We evaluate LeWM on goal-conditioned control tasks in the three environments introduced previously. Control performance is measured using two parameters: the evaluation budget and the distance to the goal. The evaluation budget corresponds to the maximum number of actions the agent is allowed to execute in the environment. The goal distance determines how far in the future the goal state is sampled relative to the initial state. During evaluation, trajectories are sampled from the offline dataset. The initial state is chosen by randomly sampling a state from a trajectory in the dataset, while the goal state corresponds to a state occurring several timesteps later in the same trajectory. This ensures that the goal is reachable and consistent with the dataset dynamics. In TwoRoom, the evaluation budget is set to 150 steps and the goal state is sampled 100 timesteps in the future. In PushT, the evaluation budget is 50 steps and the goal is sampled 25 timesteps in the future. In OGBench-Cube and Reacher, the evaluation budget is 50 steps, and the goal is sampled 25 timesteps in the future.

F.2 Probing

We use probing to analyze the information contained in the learned latent representations across the three environments. Specifically, we train both linear and non-linear probes to predict physical quantities from the latent embeddings. Linear probes evaluate whether the information is linearly accessible in the latent space, while non-linear probes assess whether the information is present but potentially entangled.

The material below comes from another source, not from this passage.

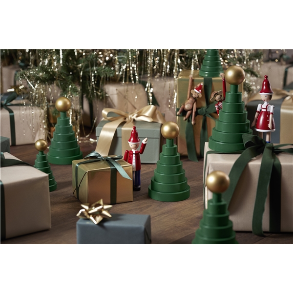 Julmagi tolkat i trä baserat på originaldesign från arkiven. Kay Bojesen skapar originella berättelser i trä året runt, och med julgranen i Kay Bojesens universum får du en ikonisk och stilren juldekoration i en välkänd form baserad på det klassiska stapeltornet. Trädets gröna färg är hämtad från den gröna ringen på tornet och kulan på toppen är målad i guld så att den glittrar som en stjärna. På bilder från arkiven kan man se att Kay Bojesen älskade att göra små jultablåer, och i det sammanhanget använde han själv stapeltornet som julgran för att skapa sina berättelser. Kay Bojesen-julgranen finns både i denna mindre storlek på 13,5 cm eller den lite större versionen på 19,5 cm så att du kan välja exakt den julgran som passar bäst i din dekoration – eller kombinera två eller flera och skapa ett stämningsfullt och minimalistiskt stillben. Julgranarnas ringar är tillverkade i FSC®-certifierad gummiträd, medan den pålimmade toppen är tillverkad i FSC®-certifierad bokträ. Som alltid är den manuella produktionen med färg och tryck är utförd med den stora precision och noggrannhet som kännetecknar alla träfigurer från Kay Bojesen. Träet, färgen och hantverket är i fokus och ger figurerna en alldeles speciell kvalitet – både fysiskt och estetiskt. Kay Bojesen arbetade utifrån en filosofi om att trä får liv först när det får en berättelse. Det var genomgående för alla hans figurer och kommer också tydligt till uttryck med de två julgranarna som med sina runda former och klassiska linjer ger liv åt julberättelsen. På det allra vackraste sätt lever Kay Bojesens lekfulla och fantasifulla tankar vidare i julgranen där kulor i rött och guld är monterade på utsidan av ringarna. Kay Bojesen insisterade på att väcka fantasin och barnet i oss alla – även i december då en omedelbar glädje, förväntan och magi finns runt omkring oss i 24 förtrollande dagar – eller lite mer.

For each probe, we report the mean squared error (MSE) and the Pearson correlation coefficient between the predicted and ground-truth quantities.

The probed variables differ across environments. In TwoRoom, we probe the 2D position of the agent (Table 3). In PushT, we probe both the state of the agent and the state of the block (Table 1). In OGBench-Cube, we probe the position of the cube and the position of the robot end-effector (Table 4).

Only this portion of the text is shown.